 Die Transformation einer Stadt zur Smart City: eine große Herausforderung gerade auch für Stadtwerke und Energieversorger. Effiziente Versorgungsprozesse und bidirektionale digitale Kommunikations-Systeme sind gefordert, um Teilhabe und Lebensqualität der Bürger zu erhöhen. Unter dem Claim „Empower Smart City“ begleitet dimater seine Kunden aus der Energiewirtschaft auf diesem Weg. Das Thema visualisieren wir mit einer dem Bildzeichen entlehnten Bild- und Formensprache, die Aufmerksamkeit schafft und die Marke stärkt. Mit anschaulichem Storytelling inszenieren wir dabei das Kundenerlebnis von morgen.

==

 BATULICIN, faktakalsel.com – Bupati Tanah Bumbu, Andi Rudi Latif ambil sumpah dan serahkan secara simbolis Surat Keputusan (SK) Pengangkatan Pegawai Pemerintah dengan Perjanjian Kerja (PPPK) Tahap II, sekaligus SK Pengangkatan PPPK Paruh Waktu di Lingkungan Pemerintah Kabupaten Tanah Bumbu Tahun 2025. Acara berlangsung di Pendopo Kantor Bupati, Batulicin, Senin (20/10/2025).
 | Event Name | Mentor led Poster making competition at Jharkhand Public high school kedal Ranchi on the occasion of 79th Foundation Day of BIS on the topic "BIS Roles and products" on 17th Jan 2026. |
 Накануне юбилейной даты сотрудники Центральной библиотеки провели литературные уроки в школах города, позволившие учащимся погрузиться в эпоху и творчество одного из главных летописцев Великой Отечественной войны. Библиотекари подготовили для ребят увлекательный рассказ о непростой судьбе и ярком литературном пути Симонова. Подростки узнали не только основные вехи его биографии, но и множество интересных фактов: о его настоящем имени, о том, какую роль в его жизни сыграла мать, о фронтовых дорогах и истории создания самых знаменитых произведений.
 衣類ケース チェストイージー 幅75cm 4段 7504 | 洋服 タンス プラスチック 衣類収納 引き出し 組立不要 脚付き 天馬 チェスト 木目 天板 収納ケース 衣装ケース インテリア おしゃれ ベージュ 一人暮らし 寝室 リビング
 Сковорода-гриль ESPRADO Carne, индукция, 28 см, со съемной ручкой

--

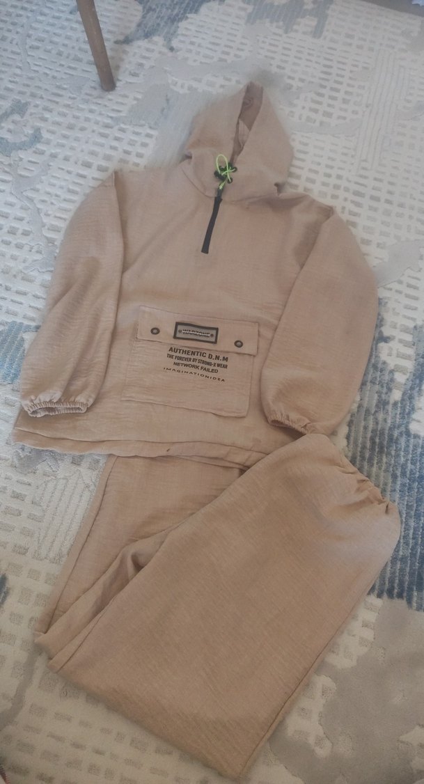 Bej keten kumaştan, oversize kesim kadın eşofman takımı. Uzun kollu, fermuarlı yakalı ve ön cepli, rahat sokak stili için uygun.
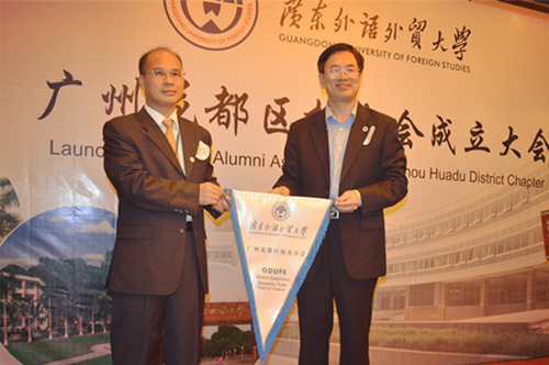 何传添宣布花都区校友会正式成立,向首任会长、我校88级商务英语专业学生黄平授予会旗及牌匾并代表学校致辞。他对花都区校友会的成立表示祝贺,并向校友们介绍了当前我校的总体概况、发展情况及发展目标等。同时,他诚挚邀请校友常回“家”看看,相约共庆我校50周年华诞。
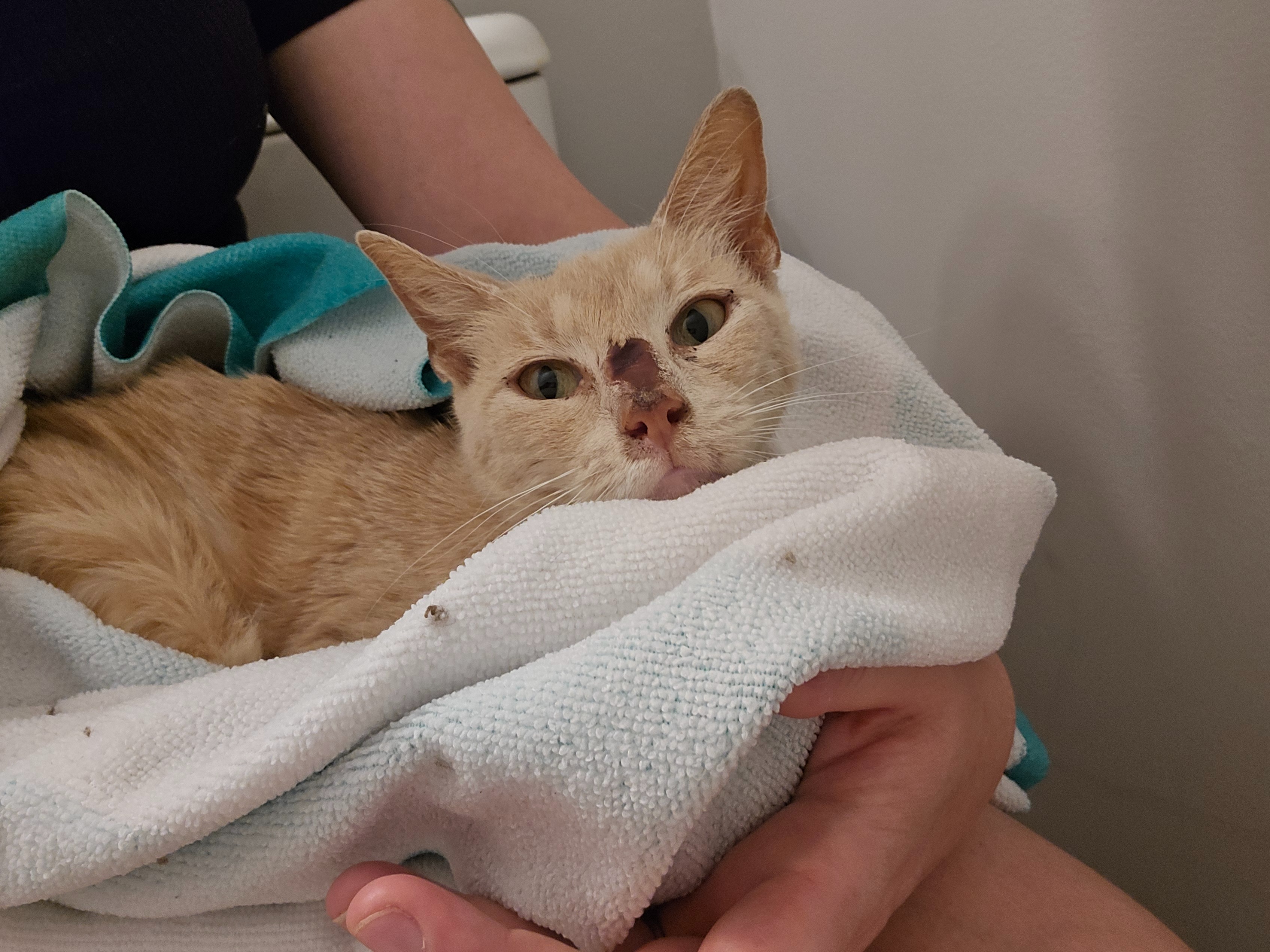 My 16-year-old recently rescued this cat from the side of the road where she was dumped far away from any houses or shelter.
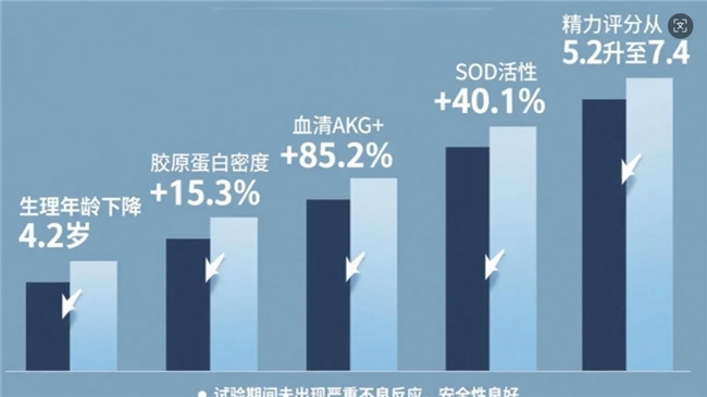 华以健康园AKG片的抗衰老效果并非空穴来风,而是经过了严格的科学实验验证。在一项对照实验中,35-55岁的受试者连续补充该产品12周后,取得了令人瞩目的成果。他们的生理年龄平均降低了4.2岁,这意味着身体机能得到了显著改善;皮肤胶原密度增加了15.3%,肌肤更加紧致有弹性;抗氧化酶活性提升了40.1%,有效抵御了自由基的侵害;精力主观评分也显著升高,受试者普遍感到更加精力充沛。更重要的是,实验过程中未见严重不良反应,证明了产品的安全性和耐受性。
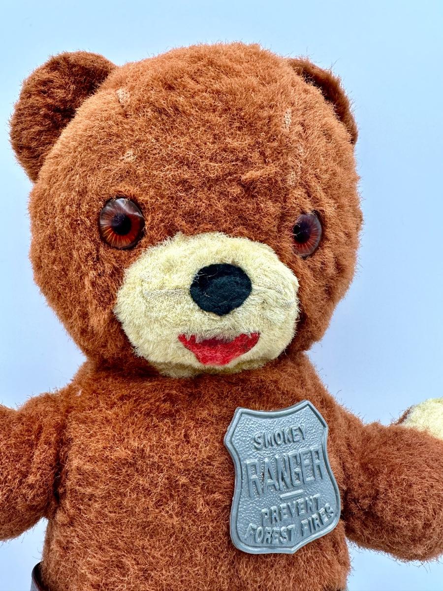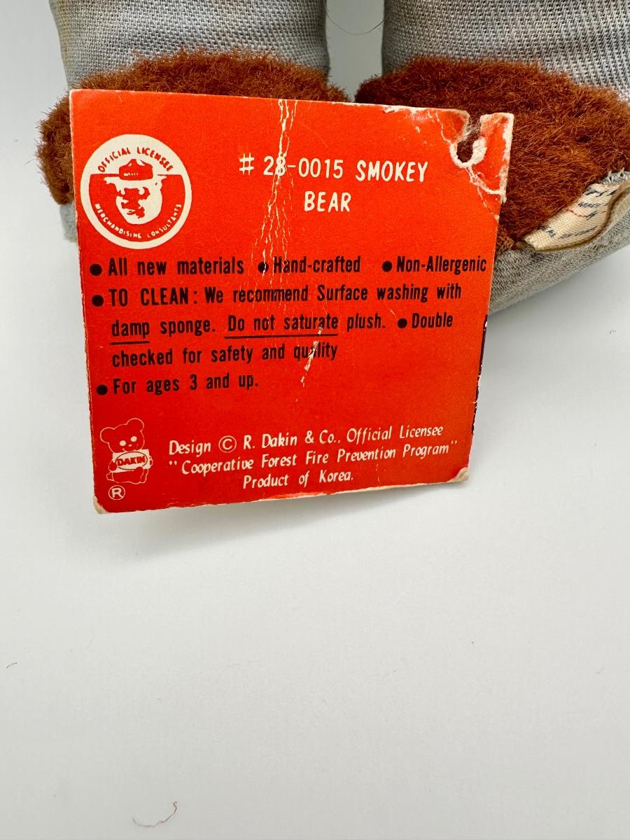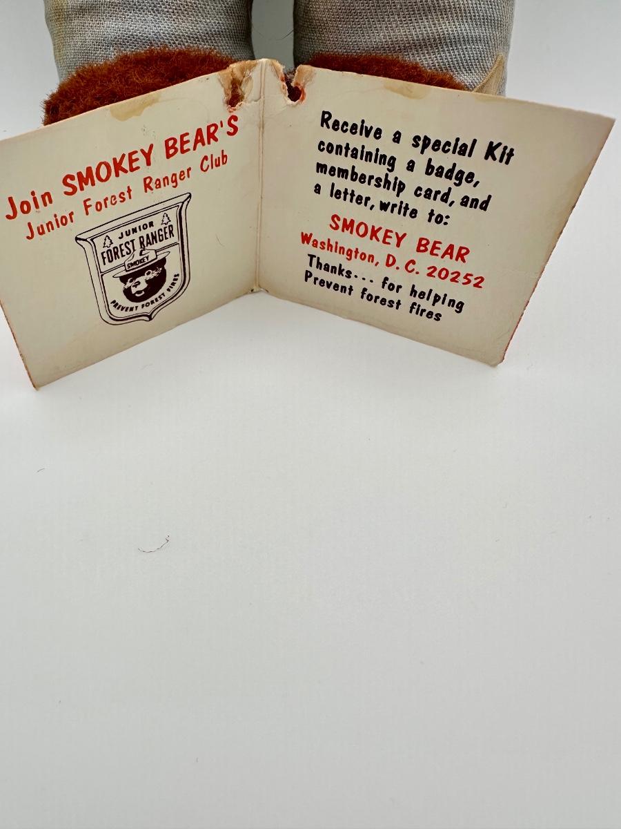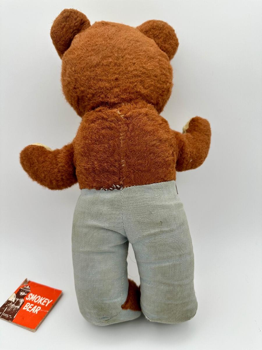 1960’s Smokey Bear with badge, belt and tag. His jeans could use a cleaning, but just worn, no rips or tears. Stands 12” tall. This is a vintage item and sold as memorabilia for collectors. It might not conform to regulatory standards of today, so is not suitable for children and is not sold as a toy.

**Problem requirements:** Within the data above, repeat exactly the lines from the one bearing "华以健康园AKG片的抗衰老效" through the one bearing "1960’s Smokey Bear". Include no pictures and nothing else.

**Response to this task:**
 华以健康园AKG片的抗衰老效果并非空穴来风,而是经过了严格的科学实验验证。在一项对照实验中,35-55岁的受试者连续补充该产品12周后,取得了令人瞩目的成果。他们的生理年龄平均降低了4.2岁,这意味着身体机能得到了显著改善;皮肤胶原密度增加了15.3%,肌肤更加紧致有弹性;抗氧化酶活性提升了40.1%,有效抵御了自由基的侵害;精力主观评分也显著升高,受试者普遍感到更加精力充沛。更重要的是,实验过程中未见严重不良反应,证明了产品的安全性和耐受性。
 1960’s Smokey Bear with badge, belt and tag. His jeans could use a cleaning, but just worn, no rips or tears. Stands 12” tall. This is a vintage item and sold as memorabilia for collectors. It might not conform to regulatory standards of today, so is not suitable for children and is not sold as a toy.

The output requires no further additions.